Sertorius

Plutarch

Plutarch. Plutarch's Lives, Vol. VIII. Perrin, Bernadotte, translator. Cambridge, MA: Harvard University Press; London: William Heinemann Ltd., 1919.

He also added such devices as these. Whenever he had secret intelligence that the enemy had made an incursion into the territory which he commanded, or were trying to bring a city to revolt from him, he would pretend that the doe had conversed with him in his dreams, bidding him hold his forces in readiness. Again, when he got tidings of some victory won by his generals, he would hide the messenger, and bring forth the doe wearing garlands for the receipt of glad tidings, exhorting his men to be of good cheer and to sacrifice to the gods, assured that they were to learn of some good fortune.

By these devices he made the people tractable, and so found them more serviceable for all his plans; they believed that they were led, not by the mortal wisdom of a foreigner, but by a god. At the same time events also brought witness to this belief by reason of the extraordinary growth of the power of Sertorius.
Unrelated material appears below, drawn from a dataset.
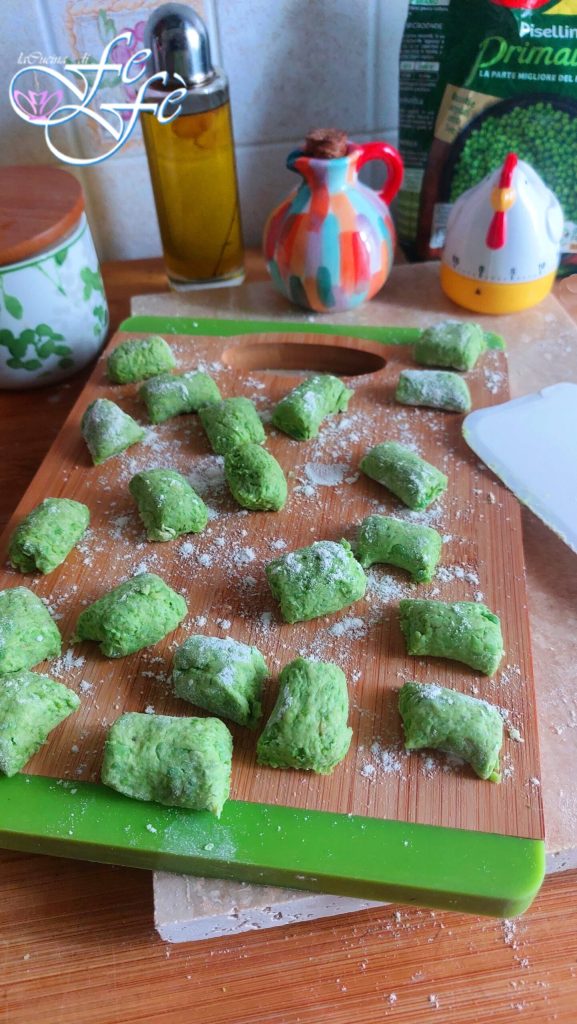 Después del éxito de los ñoquis de frijoles borlotti, no podía dejar de experimentar para vosotros otras versiones, obviamente a base de legumbres, como los de guisantes, ¡y esto es solo el comienzo! Como bien sabéis, os lo repito continuamente, las legumbres son una fuente de minerales y vitaminas para nuestro organismo. Los guisantes, en particular, son legumbres muy digestibles y útiles para estabilizar la glucosa en sangre y los niveles de colesterol. Además, son ricos en fibra y bajos en calorías, con un alto contenido de carbohidratos, potasio, fósforo, además de vitamina C y K y ácido fólico. Introducirlos más a menudo en nuestra alimentación es realmente una opción saludable, pero a veces faltan ideas para disfrutarlos al máximo, y aquí os vengo a ayudar yo. Estos ñoquis de guisantes son una solución fácil para llevar a la mesa un primer plato en estilo vegano, obviamente luego dependerá también de cómo los condimentos, y, ya veréis, ¡serán un verdadero cambio en la cocina! Además, se preparan a una velocidad impresionante, solo unos minutos para escaldarlos y luego todo al mixer. La masa se trabaja muy cómodamente con una espátula así que ni siquiera os mancharéis las manos. Su dulzura se combinará perfectamente con cualquier condimento que decidáis usar, así que arremangaos y preparadlos conmigo!
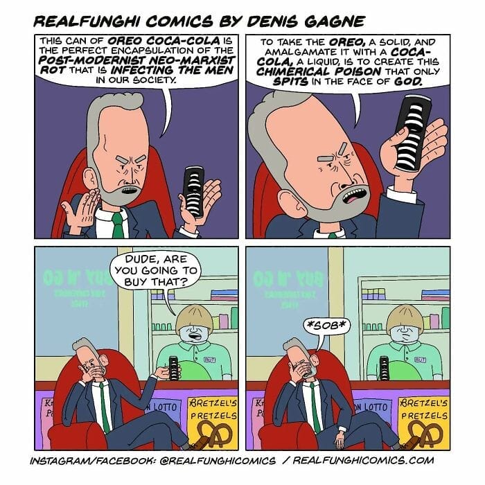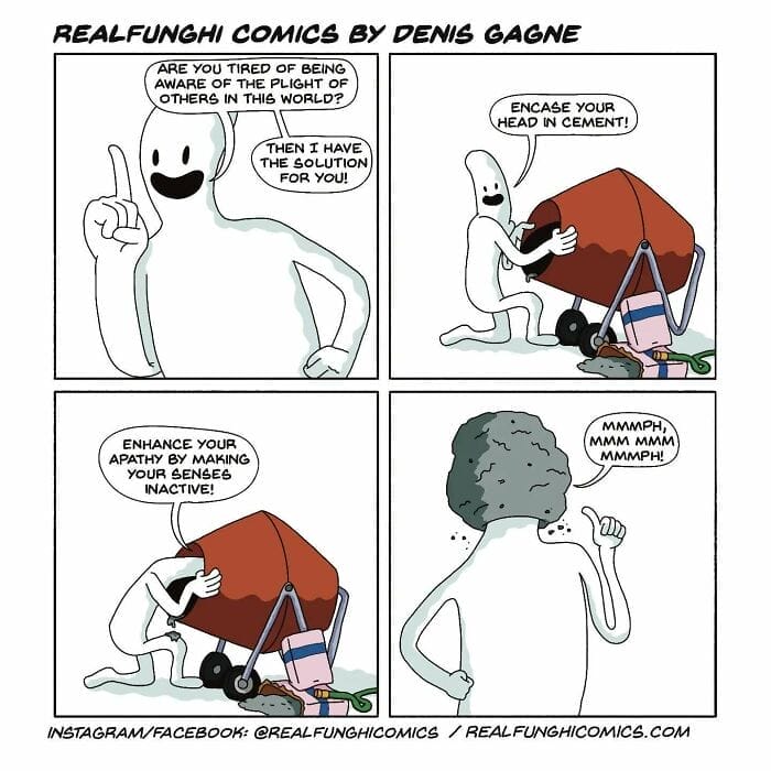 Dennis Gagne, the genius behind Real Funghi Comics has a simple yet brilliant philosophy. We live in a ridiculous world and we can’t help but engage in it ridiculously. This sums up his approach to comedy perfectly turning the absurdities of life into hilarious surreal comics. Inspired by his love for Kids in the Hall, Mel Brooks and David Lynch Dennis embraces a surreal and satirical style in his work. He’s always observing the strange moments in everyday life turning them into quirky comics that speak to fans of the bizarre and unconventional. In Gagne’s world even the darkest or oddest themes are met with a playful grin. His comics provide a welcome escape for anyone who finds joy in laughing at the peculiarities of life.

For with the twenty-six hundred men whom he called Romans, and a motley band of seven hundred Libyans who crossed over into Lusitania with him, to whom he added four thousand Lusitanian targeteers and seven hundred horsemen, he waged war with four Roman generals, under whom were a hundred and twenty thousand footmen, six thousand horsemen, two thousand bowmen and slingers, and an untold number of cities, while he himself had at first only twenty all told.